Deep monitoring helps DevOps understand how a system is performing so that they can both maintain reliability and understand which areas can be automated. Allowing virtualized, cloud, and microservice architectures to automatically scale up and down is key to building infrastructures that increase and decrease to meet the needs of the business. Consequently, monitoring must be built into the infrastructure from the ground up and not as an afterthought when the particular function has been designed and implemented.

Datacenter system administrators are used to monitoring metrics such as server uptime and storage capacity. A whole host of opensource tools such as Prometheus and Nagios provide a good insight to show how systems are performing in terms of CPU allocation, memory usage and available storage. But to allow microservice architectures to make much more efficient use of the underlying hardware and available budget, we must go several levels deeper in terms of monitoring.

Fig 1 - Monitoring software can be run as a pod on a node within the microservice architecture. A large broadcast infrastructure may contain many monitoring agents distributed all over the world.

Maintaining Resource

One of the advantages of microservices is that we can enable the function on a need-to-use basis. Although this is achievable with virtualized servers, where virtual machine instances are spun up as required, the spin-up latency can run into several minutes, whereas the spin-up latency of the microservice is often less than a few seconds. Therefore, virtualized servers are often left running in the background unused, which in a highly optimized system is wasteful of resource.

Physical and virtualized servers form the nodes of the microservice architecture where the high-level monitoring takes place. As the node can run on a virtualized server, the configuration of the virtualization may form another level of resilience. For example, if the physical servers were clustered then several machines could be clustered and each of the clusters could be allocated to a node. This level of abstraction provides much greater resilience, however, the virtualization will need to be monitored to confirm the nodes are working within the limits of the available resource and that all servers are functioning correctly.

Although the node isn’t exactly a server, the mapping of a server to a node helps understand the resource allocation. An IP port, server memory, CPUs and even GPUs are assigned to the node which in itself must be monitored. The orchestration system will provide this but at this level the DevOps may start building their own monitoring systems to check the allocation. If a node starts running short of resource, such as memory, the DevOps team will need to be alerted so they can take the necessary action.
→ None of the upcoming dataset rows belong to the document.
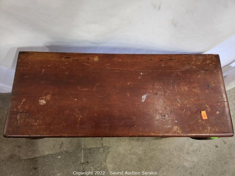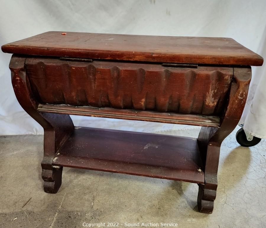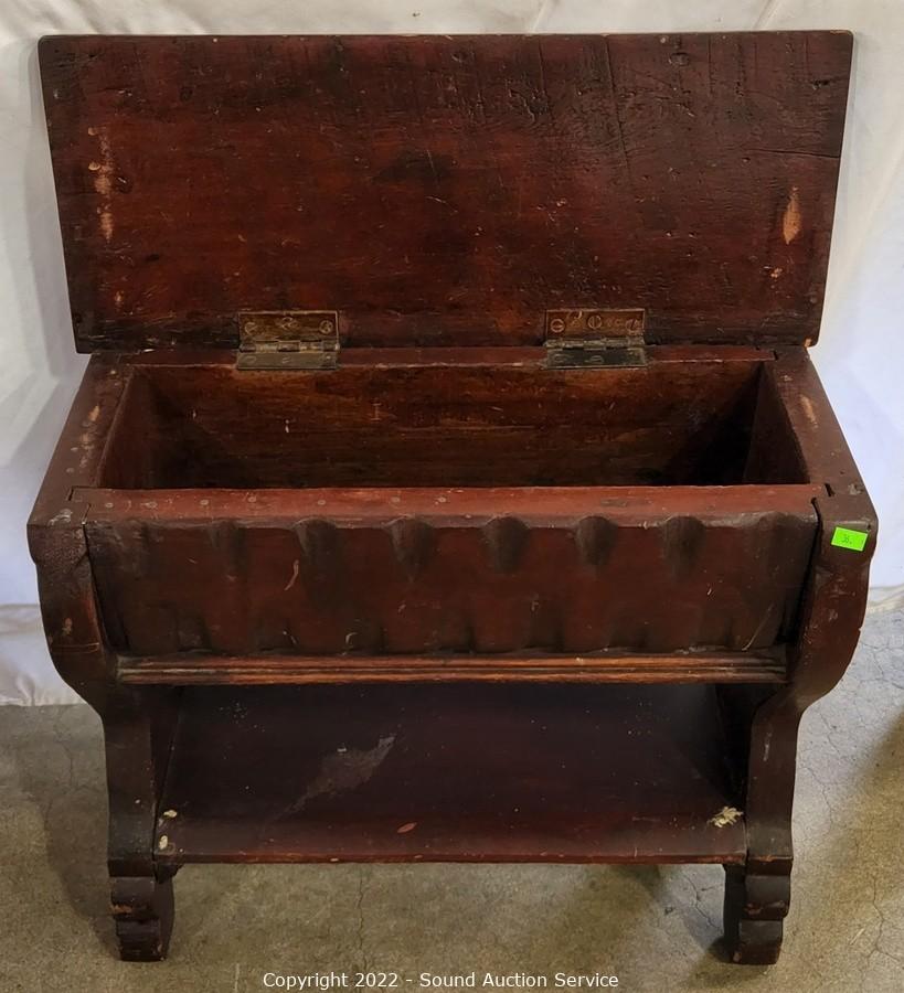 Lot Details: Some wear to the finish. 18.5" x 22" x 9". Solid wood construction.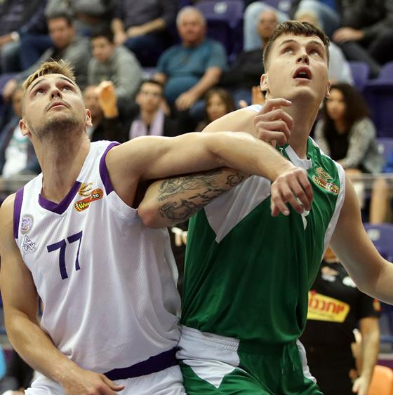 קופרברג וקולשוב במאבק על הריבאונד (צילום: לילך וייס)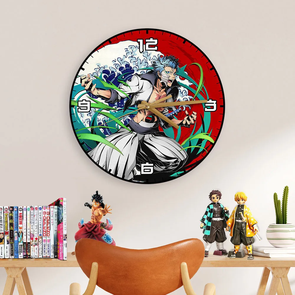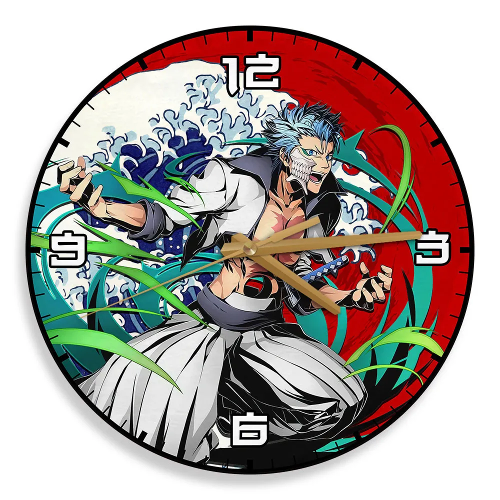 Grimmjow Jaegerjaquez Wooden Wall Clock Kanagawa Wave Red Sun Anime

The preference is for the orchestration and management software to perform this automatically and then inform the DevOps team more nodes have been allocated.

Containers are subcomponents of the nodes and have resource allocated to them from the node. Multiple containers will see the node resource shared between them, and this allocation will also need to be monitored. If a proc-amp microservice and container is running on the same node as a color corrector container and microservice, the resource allocation doesn’t necessarily need to be divided equally. It might be that the proc-amp needs more memory than the color corrector.

The monitoring needed at this level will certainly require DevOps input and when the microservice was designed, the API would have made a significant amount of monitoring data available.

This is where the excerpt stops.